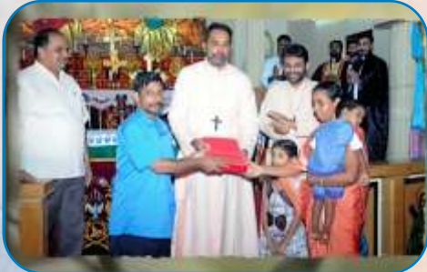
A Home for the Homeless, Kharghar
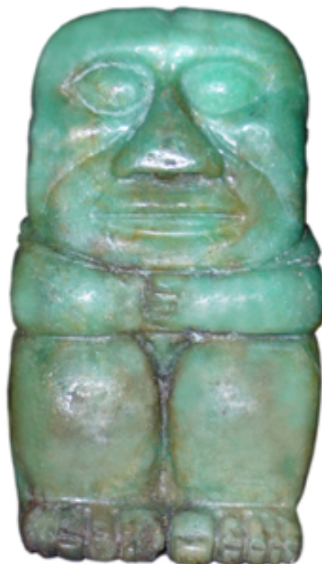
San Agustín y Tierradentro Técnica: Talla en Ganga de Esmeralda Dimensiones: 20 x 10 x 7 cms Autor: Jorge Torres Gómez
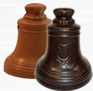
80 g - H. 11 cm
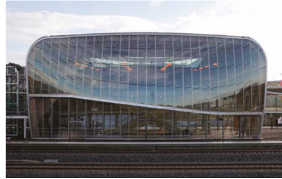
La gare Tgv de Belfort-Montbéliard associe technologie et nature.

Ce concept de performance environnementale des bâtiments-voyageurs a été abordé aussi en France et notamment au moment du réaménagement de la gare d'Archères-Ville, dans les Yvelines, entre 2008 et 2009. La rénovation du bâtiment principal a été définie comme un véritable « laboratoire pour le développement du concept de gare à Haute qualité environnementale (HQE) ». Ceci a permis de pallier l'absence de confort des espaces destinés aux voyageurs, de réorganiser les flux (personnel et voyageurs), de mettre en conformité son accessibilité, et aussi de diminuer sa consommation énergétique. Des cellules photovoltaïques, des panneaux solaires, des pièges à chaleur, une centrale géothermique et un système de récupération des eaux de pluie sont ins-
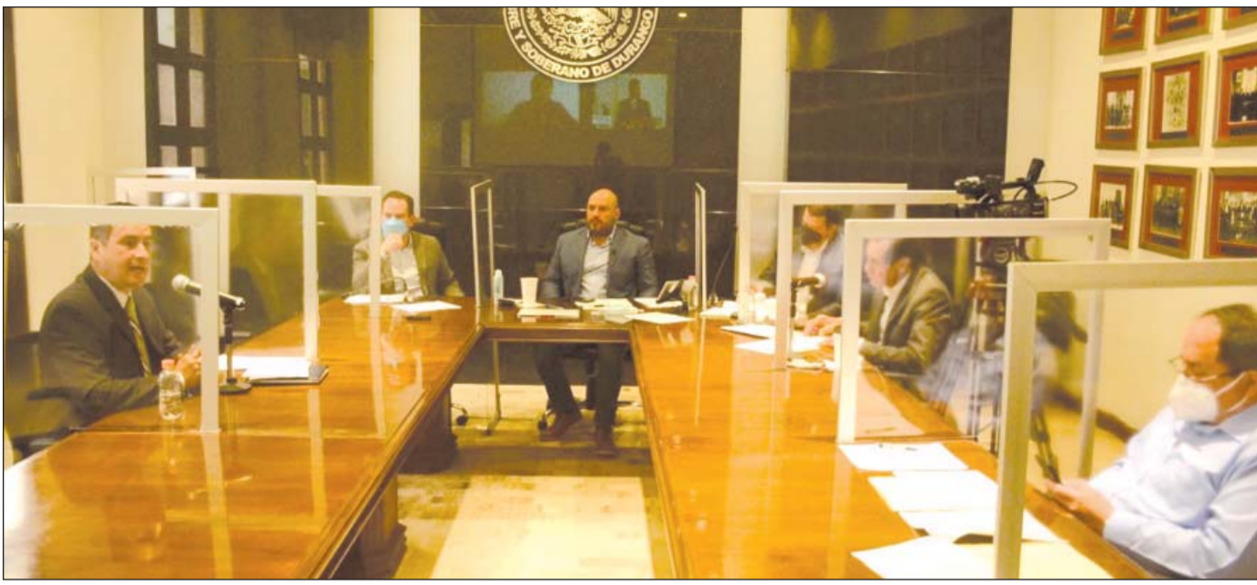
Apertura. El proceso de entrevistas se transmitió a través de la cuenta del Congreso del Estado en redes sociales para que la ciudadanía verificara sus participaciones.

───

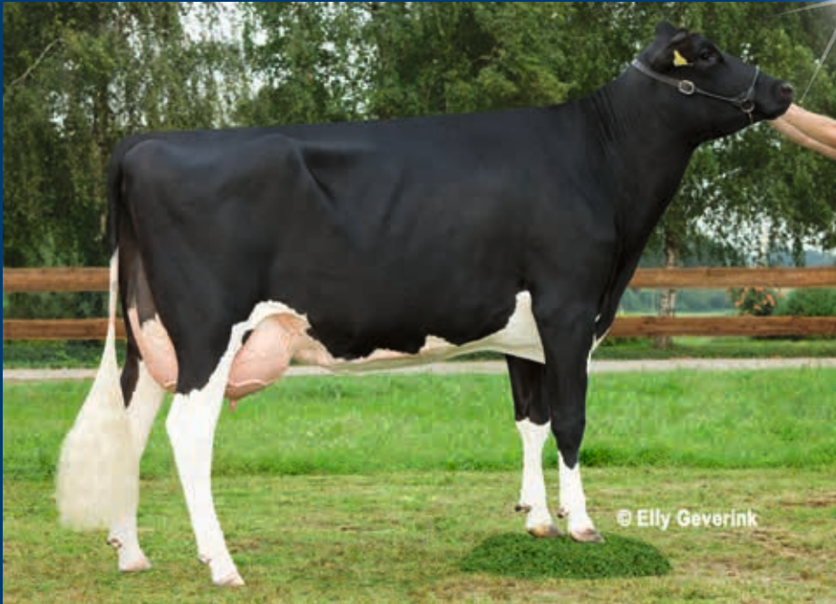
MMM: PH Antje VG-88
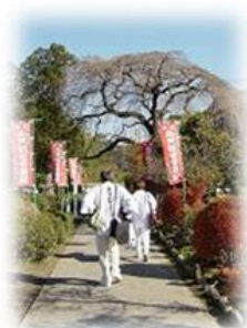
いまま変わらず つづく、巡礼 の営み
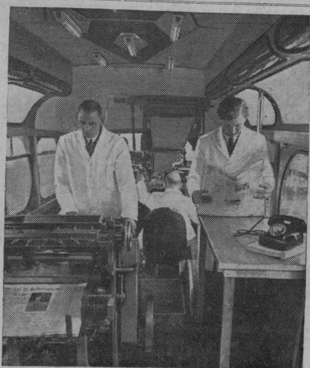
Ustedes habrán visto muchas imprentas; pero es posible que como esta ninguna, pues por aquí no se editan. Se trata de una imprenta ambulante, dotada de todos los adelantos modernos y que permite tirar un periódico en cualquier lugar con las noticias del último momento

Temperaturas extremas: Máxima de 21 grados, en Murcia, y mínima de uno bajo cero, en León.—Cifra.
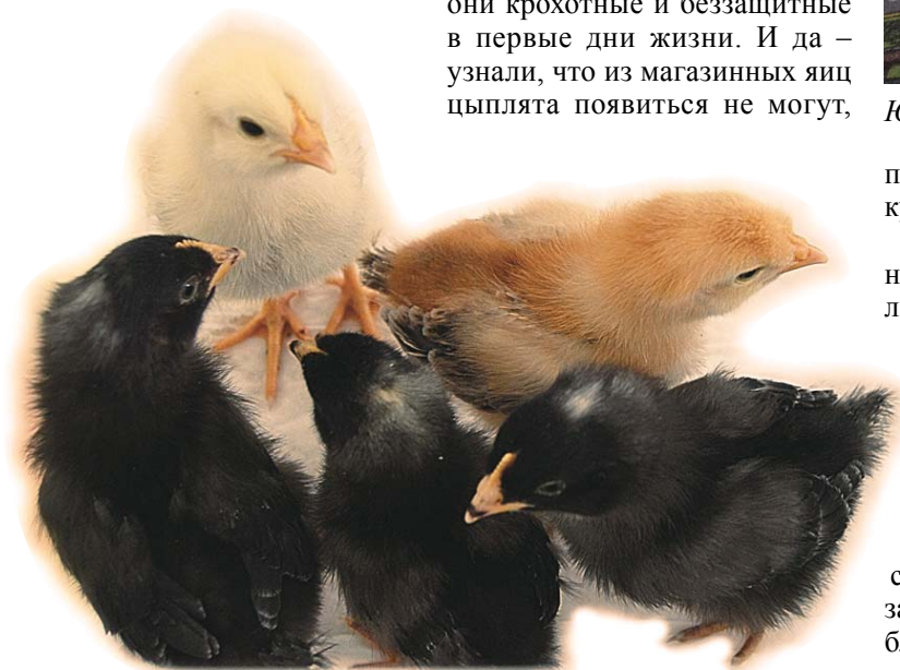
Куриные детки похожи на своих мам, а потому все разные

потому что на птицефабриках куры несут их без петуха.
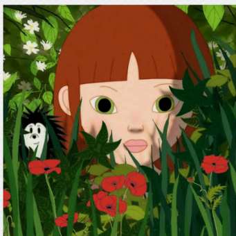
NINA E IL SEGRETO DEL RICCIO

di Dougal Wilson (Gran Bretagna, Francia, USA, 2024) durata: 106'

───

> Prompt
The expected answer is a copy of every line in the entries that holds the word "потому".

> Written answer
Куриные детки похожи на своих мам, а потому все разные
потому что на птицефабриках куры несут их без петуха.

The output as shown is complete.